I'm trying to use quantile regression to solve an areal interpolation problem as described in this paper: https://www.tandfonline.com/doi/abs/10.1080/00045608.2011.627054
Basically I have a set of polygons covering census output areas (source zones), and a population for each one. I want to estimate the population for an arbitrary different set of polygons (target zones).
A naive approach would be to just use the proportions of area intersections between the source and target zones to weight the population values, but this assumes the population density is the same everywhere within the source zones.
In reality, the population density is likely to vary depending on the land use within each source zone (e.g. urban land is likely to be more densely populated than rural land).
So I have some land cover data and can use this to calculate the area within each source zone for each type of land cover.

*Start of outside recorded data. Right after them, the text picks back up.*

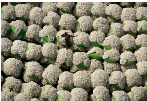
Balles de coton à Thonakaha Région de Korhogo Côte d'Ivoire
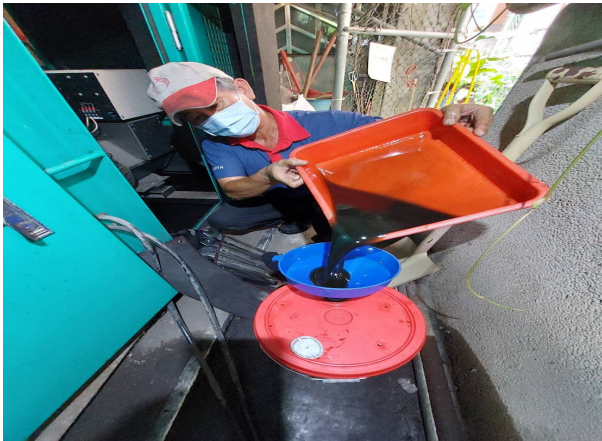
發電機引擎廢機油洩漏
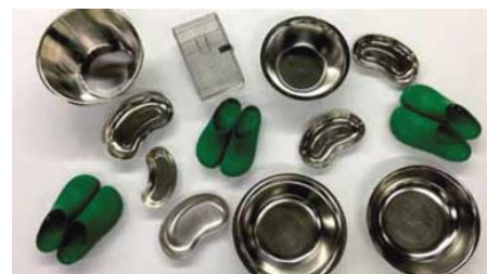
przykład możliwego załadunku
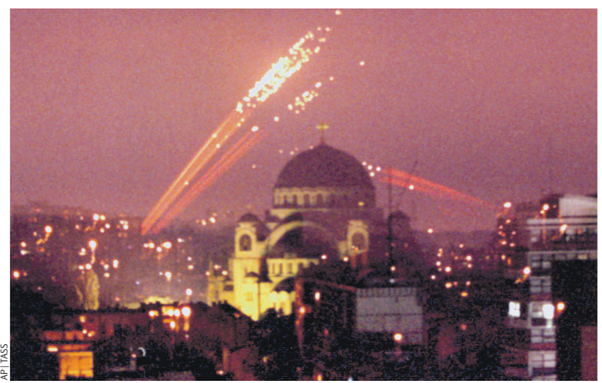
Бомбардировки Югославии (на фото) проводились без санкций СБ ООН, что многие расценивали как агрессию против суверенного государства. В случае с Ираном действия США и Израиля также нарушили Устав ООН и принцип суверенитета

Одновременно американская администрация могла преследовать цель
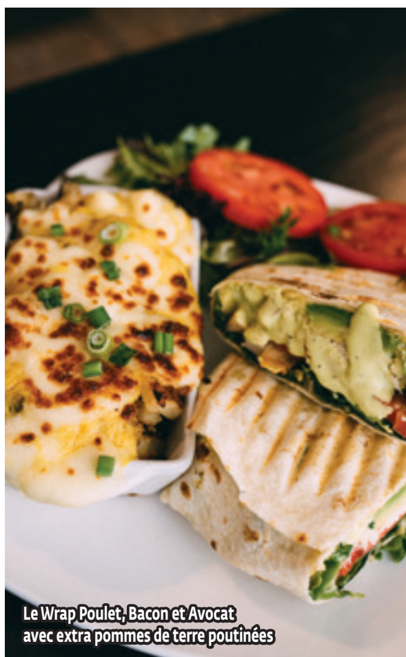
Le Wrap Poulet, Bacon et Avocat avec extra pommes de terre poutinées
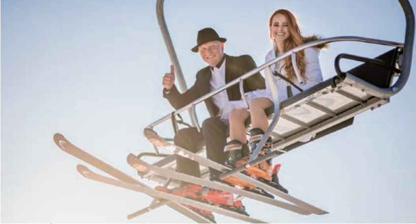
NIEKTO SI SVADOBNÉ FOTO ROBÍ PRI STUDNI, BEKEŠOVCI NA LYŽIACH.
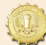
«ВЫБОР ПОТРЕБИТЕЛЯ - ЗОЛОТО»
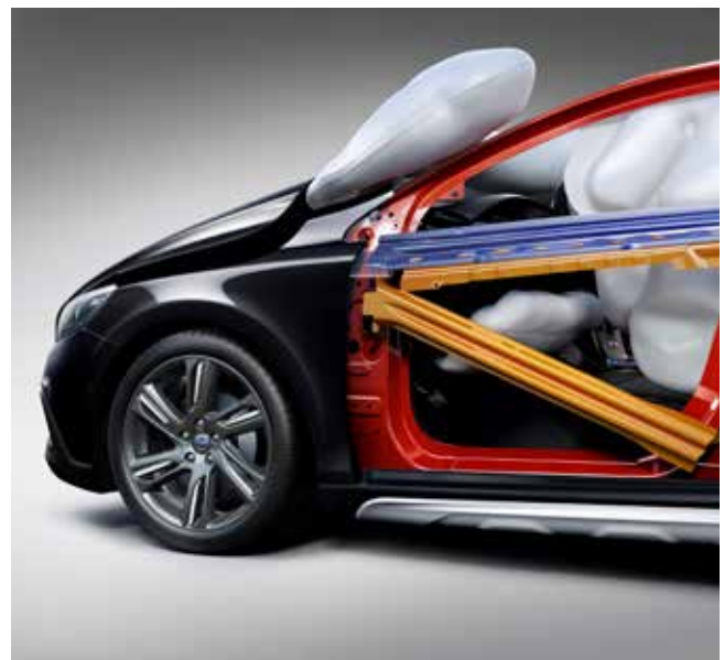
Genomskäring av en Volvo V40.

I början av 1900-talet kan man säga att bilen var färdig. Det var den bensindrivna bilen med en så kallad förbränningsmotor som blev den teknik som slog igenom på allvar. Medan ångmaskinen omvandlar vattenånga till rörelseenergi, så skapar förbränningsmotorn rörelseenergi genom antändning av en blandning av luft och bensin eller dieselolja. Med den kunde bilarna gå betydligt snabbare och köra längre sträckor. Efterhand har bilarna utvecklats på många sätt. Motorn har placerats fram, styrspaken har ersatts med en ratt och bilarna har fått luftpumpade hjul. Det här har gjort att det blivit bekvämare för både förare och passagerare. Även motorerna har blivit bättre och mer energisnåla. Bilarna har också blivit säkrare med till exempel säkerhetsbälten, krockkuddar och bättre karosser.
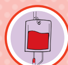
DOAÇÃO DE SANGUE
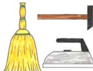
6. Занятия членов семьи

Дети четырех-пяти лет очень пытливы, они задают много вопросов, им интересны качества и свойства предметов, они могут установить простейшие связи между явлениями природы.
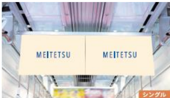
中吊（ワイド・シングル）
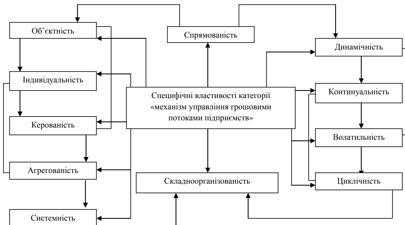
Рис. 1 Специфічні властивості категорії «механізм управління грошовими потоками підприємств» та взаємозв'язки між ними Розроблено автором

На рис. 1 наведено графічну візуалізацію специфічних властивостей категорії «механізм управління грошовими потоками». До них належать системність (сукупність елементів, що разом функціонують як єдина цілісна система), динамічність (рух цілої системи та її окремих елементів), агрегованість (поєднання для загального функціонування), волатильність (можливість змінності та постійна зміна співпраці та співвідношення елементів системи механізму під впливом як внутрішніх, так і зовнішніх факторів тощо), індивідуальність (притаманність кожному суб'єкту господарювання власного унікального механізму управління грошовими потоками), керованість/суб'єктність (наявність суб'єкту управління та суб'єктивних відносин з керуючим органом), об'єктність (те, на що направлена діяльність суб'єкта – керована система), складноорганізованість (механізм управління грошовими потоками є складноорганізованою системою із наявними ієрархічними, гетерархічними та циклічними взаємодіями), спрямованість (вектор на досягнення мети, результату діяльності), циклічність (притаманність циклів, що повторюються та трансформуються у невизначених умовах господарювання), континуальність (постійне, безупинне функціонування системи, її елементів та груп елементів).
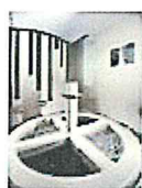
34 VOLAREZA Bedřichov Kneippův chodník.jpg
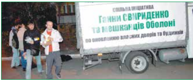
ТОЛОКА СТАНЕ НАЙЯСКРАВИШИМ ЗАХОДОМ НА ОБОЛОНІ
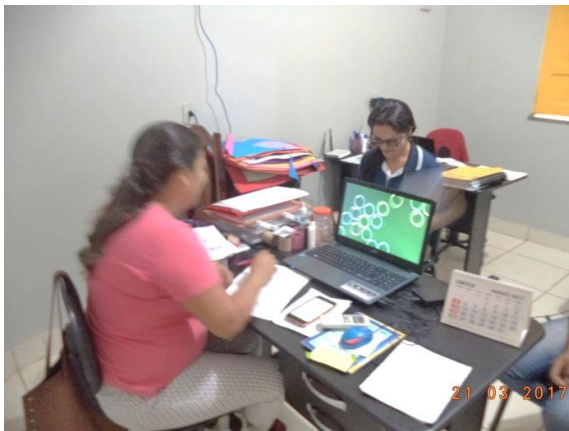
Figura - 3 – Coleta de dados das ocorrências do CRAS – Senador José Porfírio – mar/17
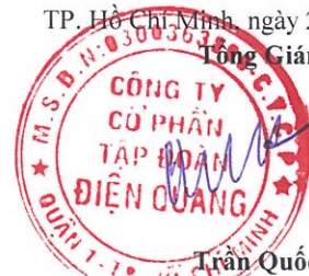
Trần Quốc Toàn
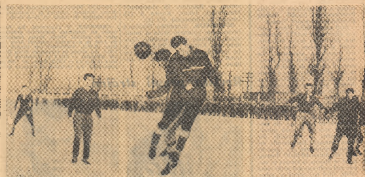
Din nou la fotbal! Duminică, la Giulești, la meciul Rapid—Tehnometal

Introducerea de jocuri complimentare, cum ar fi handbalul și basche-
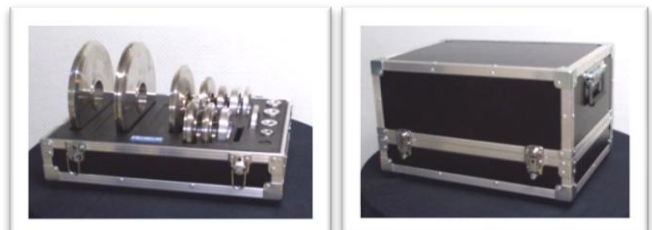
Mallette pour aménagement de poste et transport

(OP0101) : 260 x 260 x 310 mm - poids à vide : 6 kg

Here's where quantile regression comes in: by using the area of each land cover class within each source zone as independent variables, and the population as the dependent variable, I can obtain predictions for the population density of each land cover class in each source zone by running a quantile regression for each source zone at the quantile that corresponds with that source zone.
If there was only one land cover class, I can work out which quantile each source zone corresponds with by doing a percentile rank based on the dependent variable (the slope of the regression line at that quantile is then the population density for the single land cover class at that source zone).
However, this doesn't seem to be the case when there are multiple independent variables.
Is there a way to determine a quantile parameter that will give an exact fit for a particular observation?